Arrogantly screwing yourself

I recently read an article in Adweek where Robert Thompson brought up the fact that Anna G. Esho, a member of the U.S. House of Representatives is drafting legislation to reduce the problem of TV ads being set at frighteningly higher volumes than the shows that surround them. And then it got interesting.

The tone
Mr. Thompson spends most of his article in a very sarcastic tone, telling us that the problem isn't really all that bad, that we're imagining ads being louder, that if they are louder, it's not much and it's not a problem. I'm no old man. I'm a guy in his mid-twenties that loves me some loud music and cranking up the volume on movies. So when I go from straining to hear normal conversation on a TV show to covering my ears because the volume of the commercial pod is painful, there's an issue.

Out of touch
I'm glad to say a quick look at the comments on the article will reveal Ms. Esho is not in the minority and that Mr. Thompson is clearly outnumbered by a lot of annoyed and angry folks.

Tying the noose that hangs you...or at least your buddy
BUT, perhaps the most shocking part of the article is that Mr. Thompson's solution for the problem, which is important because he previously mentions there is no problem, is for people to turn down the volume, skip the commercials or turn off the TV altogether. WHAT!?

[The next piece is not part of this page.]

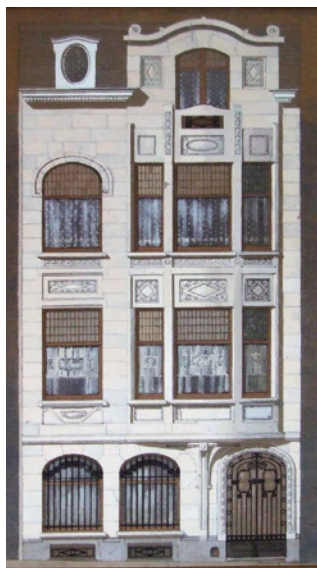
Fig. 8 Hôtel particulier, rue Franz Merjay 197, Ixelles, 1910. Dessin de la façade avant (archives familiales Hamesse).

Only from the bowels of uninformed academia that hasn't had to deal with the real world for ages could come such an obtuse recommendation. As advertisers, we don't want people turning down the commercials, we don't want people hating commercials because they're loud and our message gets lost in the scramble for the remote. We definitely don't want people TIVOing past the commercials or ceasing to watch the shows altogether. THOSE COMMERCIALS ARE HOW WE MAKE A LIVING. But since Mr. Thompson has a cushy seat in academia, he doesn't need to worry about us working folks.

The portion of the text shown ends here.